Bridgewater and Thinking Machines Lab fine-tuned a Qwen3-235B model to 84.7% accuracy on financial document tasks. The model beats GPT, Gemini, and Claude at roughly one-fourteenth the cost, per the companies' internal evaluation.
Key facts
- Qwen3-235B fine-tuned to 84.7% accuracy on financial tasks.
- GPT, Gemini, Claude hit ~50% accuracy with basic prompts.
- Fine-tuned model costs 1/14th of frontier models.
- Bridgewater and Thinking Machines Lab led training.
- Training used proprietary investor judgments for labeling.
Bridgewater and Thinking Machines Lab—the startup from former OpenAI CTO Mira Murati—have fine-tuned a Qwen3-235B model for financial tasks. According to their own testing, the model hits 84.7 percent accuracy, beating Gemini, Claude, and GPT at roughly one-fourteenth of the cost. The numbers haven't been verified by anyone outside the two companies, though.

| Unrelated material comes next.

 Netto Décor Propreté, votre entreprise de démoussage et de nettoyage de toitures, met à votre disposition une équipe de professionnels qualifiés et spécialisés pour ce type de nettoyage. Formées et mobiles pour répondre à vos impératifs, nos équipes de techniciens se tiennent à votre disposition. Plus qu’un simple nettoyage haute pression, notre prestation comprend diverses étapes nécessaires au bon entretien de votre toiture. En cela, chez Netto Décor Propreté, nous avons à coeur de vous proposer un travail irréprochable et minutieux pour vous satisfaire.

What the frontier models got wrong
The researchers defined six tasks drawn from an investor's daily routine. One example: deciding whether a financial article is relevant to an executive. Another: whether a central bank document signals the direction of future rate changes. For investors, these calls are trivial, but they can barely put their reasoning into words. The report gives a telling example. A headline about Trump's claim to Greenland gets flagged as irrelevant, while Trump's threat of new China tariffs is highly relevant. Both touch on geopolitics and finance.

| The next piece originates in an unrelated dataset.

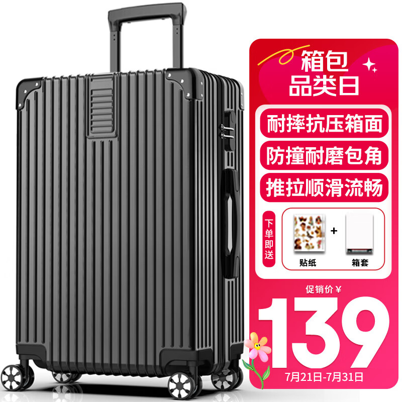 SOO行李箱男万向轮拉杆箱耐磨抗摔26英寸A330旅行箱密码箱女商务黑色价格:139.00元!

Frontier models failed in the authors' tests. Variants of Gemini, Claude, and GPT hit only about 50 percent accuracy with a basic prompt. Expert-written instructions and a three-tier rating system ("relevant and interesting," "relevant but uninteresting," "irrelevant") pushed accuracy into the mid-70s. That still fell short of the 80 percent threshold the authors set for trustworthy deployment.
Newer models barely improve per dollar, the report says. GPT 5.4 costs 43 percent more than 5.2 but is only marginally more accurate.
The secret sauce: proprietary investor judgment
The real value lives inside investors' heads. The solution was fine-tuning, retraining an open-weight model on proprietary examples. The key ingredient was the Bridgewater investors' judgment: At first, cheap outside contractors labeled the documents, but many of those labels were wrong. To avoid having expensive professionals review everything, the researchers used a workaround. A first model learned from the flawed labels and re-evaluated the same documents. Wherever the model and the original label disagreed, there was likely an error. Only those disputed cases went to investors for correction.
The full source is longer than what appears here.